ACTION ITEM: Without the pictures, print the lines from the one holding "社區(qū)發(fā)展成為 UGC 為核心的上市企業(yè)的最佳見證者。" through the last line below, both included, exactly as they stand.

DATASET EXCERPT:
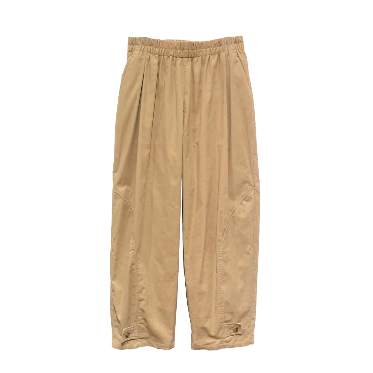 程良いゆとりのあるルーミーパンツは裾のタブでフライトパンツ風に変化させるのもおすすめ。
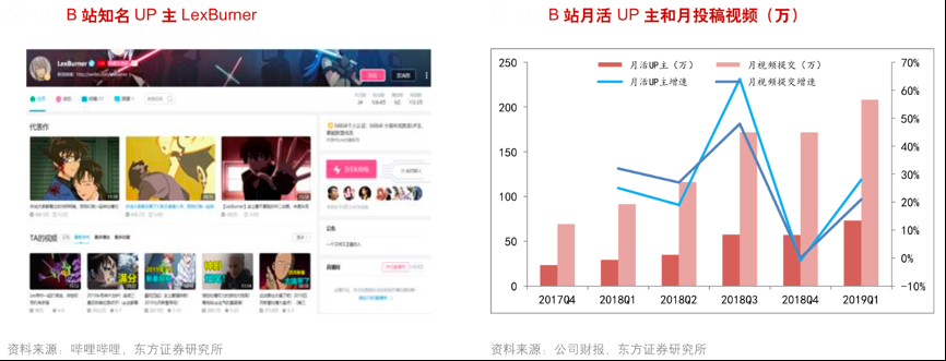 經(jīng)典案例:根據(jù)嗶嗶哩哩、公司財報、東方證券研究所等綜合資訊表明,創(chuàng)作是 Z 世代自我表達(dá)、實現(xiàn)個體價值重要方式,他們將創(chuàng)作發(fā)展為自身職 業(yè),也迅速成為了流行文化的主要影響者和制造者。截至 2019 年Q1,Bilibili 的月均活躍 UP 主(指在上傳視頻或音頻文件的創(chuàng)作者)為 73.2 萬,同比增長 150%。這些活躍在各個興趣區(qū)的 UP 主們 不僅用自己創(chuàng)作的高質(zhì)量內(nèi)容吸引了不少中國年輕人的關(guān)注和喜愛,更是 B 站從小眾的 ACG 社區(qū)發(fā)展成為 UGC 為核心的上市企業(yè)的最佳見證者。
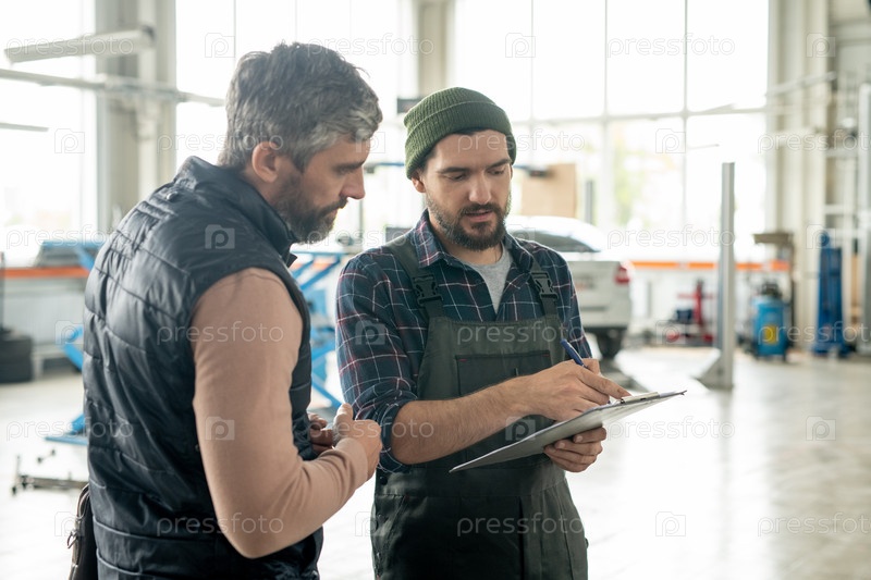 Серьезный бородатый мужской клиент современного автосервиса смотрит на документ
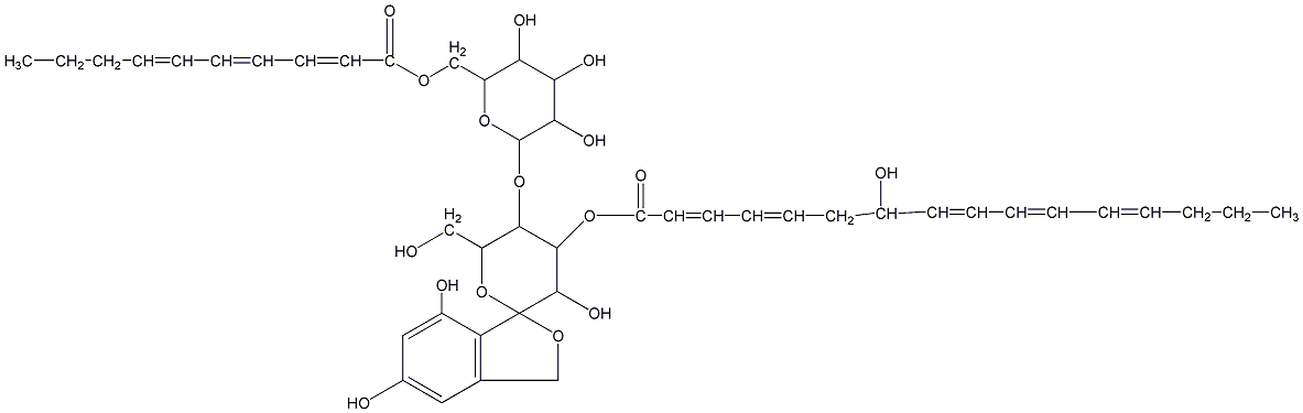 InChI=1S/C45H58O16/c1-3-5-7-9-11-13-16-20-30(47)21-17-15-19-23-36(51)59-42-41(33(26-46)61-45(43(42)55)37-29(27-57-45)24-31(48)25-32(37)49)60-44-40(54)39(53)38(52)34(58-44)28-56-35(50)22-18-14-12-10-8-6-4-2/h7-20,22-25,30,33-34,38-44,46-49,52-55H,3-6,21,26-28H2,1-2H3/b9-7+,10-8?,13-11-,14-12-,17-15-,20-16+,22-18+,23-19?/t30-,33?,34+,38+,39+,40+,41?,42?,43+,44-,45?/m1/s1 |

WRITTEN ANSWER:
 經(jīng)典案例:根據(jù)嗶嗶哩哩、公司財報、東方證券研究所等綜合資訊表明,創(chuàng)作是 Z 世代自我表達(dá)、實現(xiàn)個體價值重要方式,他們將創(chuàng)作發(fā)展為自身職 業(yè),也迅速成為了流行文化的主要影響者和制造者。截至 2019 年Q1,Bilibili 的月均活躍 UP 主(指在上傳視頻或音頻文件的創(chuàng)作者)為 73.2 萬,同比增長 150%。這些活躍在各個興趣區(qū)的 UP 主們 不僅用自己創(chuàng)作的高質(zhì)量內(nèi)容吸引了不少中國年輕人的關(guān)注和喜愛,更是 B 站從小眾的 ACG 社區(qū)發(fā)展成為 UGC 為核心的上市企業(yè)的最佳見證者。
 Серьезный бородатый мужской клиент современного автосервиса смотрит на документ
 InChI=1S/C45H58O16/c1-3-5-7-9-11-13-16-20-30(47)21-17-15-19-23-36(51)59-42-41(33(26-46)61-45(43(42)55)37-29(27-57-45)24-31(48)25-32(37)49)60-44-40(54)39(53)38(52)34(58-44)28-56-35(50)22-18-14-12-10-8-6-4-2/h7-20,22-25,30,33-34,38-44,46-49,52-55H,3-6,21,26-28H2,1-2H3/b9-7+,10-8?,13-11-,14-12-,17-15-,20-16+,22-18+,23-19?/t30-,33?,34+,38+,39+,40+,41?,42?,43+,44-,45?/m1/s1 |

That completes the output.